TLDR: MULTI-TAP is a new plug-and-play predictor for image-text alignment evaluation. It uses a two-stage training process on large vision-language models to provide both overall and fine-grained scores, aligning strongly with human judgments. It significantly improves inference efficiency and long-sequence processing compared to existing methods. The research also introduces EYE4ALL, a new dataset with blind and low-vision user preferences, to benchmark assistive AI systems.
In the rapidly evolving landscape of vision-language models, accurately and efficiently evaluating how well an image aligns with its text description has become a critical challenge. Traditional evaluation methods often fall short, especially when dealing with complex, instruction-rich texts that mirror real-world scenarios. Existing evaluation predictors typically lack one or more crucial properties: strong alignment with human judgments, the ability to process long text sequences, inference efficiency, or applicability to multi-objective scoring.
Addressing these limitations, researchers from KAIST AI and Theia Insights have introduced a novel solution called MULTI-TAP (Multi-Objective Task-Aware Predictor). This innovative plug-and-play architecture is designed to build a robust predictor capable of both single and multi-objective scoring for image-text alignment. MULTI-TAP stands out by producing a single overall score using a reward head built on top of a large vision-language model (LVLM), while also generating fine-grained scores for multiple human-interpretable objectives.
How MULTI-TAP Works
The core of MULTI-TAP’s strength lies in its two-stage training paradigm. In Stage 1, it trains a single-objective predictor to generate a unified score reflecting the overall semantic alignment between images and texts. This stage also helps in shaping rich multimodal embeddings. In Stage 2, these frozen embeddings are then used to construct a multi-objective, task-aware predictor. This second stage adds a lightweight ridge regression layer to produce scores across various human-interpretable dimensions, such as accuracy, sufficiency, and safety, without the computational expense and instability of directly training an LVLM for multi-objective tasks.

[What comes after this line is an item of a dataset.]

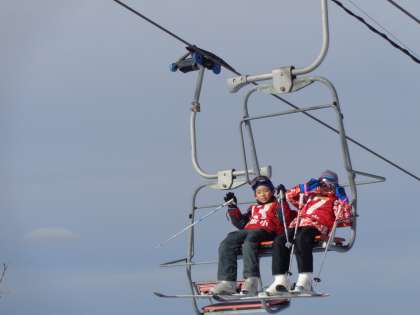 体が慣れてきた班から、リフトで上のゲレンデへ。 昨日降った雪がさらさらで、とても滑りやすそうでした。
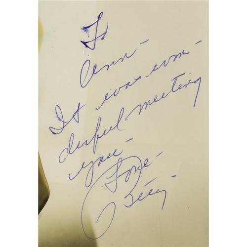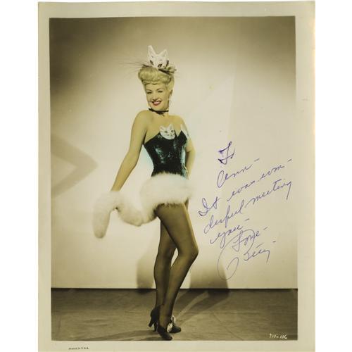 <B>Betty Grable Signed Photo.</B></I> A color 8" x 10" glossy of the actress, inscribed and signed by her in blue ink. In Very Fine to Excellent condition with mild tanning.<BR><BR><b>Shipping:</b> Flat Material, Small (<a target="_blank" href="http://www.heritageauctions.com/common/shipping.php">view shipping information</a>) <BR><BR><B>Important notic

Improved Performance and Efficiency
MULTI-TAP demonstrates significant improvements over existing metrics. For instance, it achieves substantially higher performance in Kendall’s τc correlation compared to IXCREW-S on FlickrExp, and even matches the performance of the GPT-4o-based predictor, G-VEval, despite being much smaller (7–8B parameters). It is robust across different LVLM architectures, including Qwen2-VL, InternLM, and LLaMA-3.2, consistently outperforming other metrics in both pairwise and pointwise ranking datasets.
In terms of efficiency, MULTI-TAP significantly reduces inference time compared to generative reward models, which can take days for evaluation. For example, MULTI-TAP Qwen-2B-S can complete training and inference in about 4 hours, while generative models might take 51 days for similar tasks. This efficiency, combined with its strong correlation with human judgments and ability to process long text sequences (up to 131K tokens), makes MULTI-TAP a highly practical solution.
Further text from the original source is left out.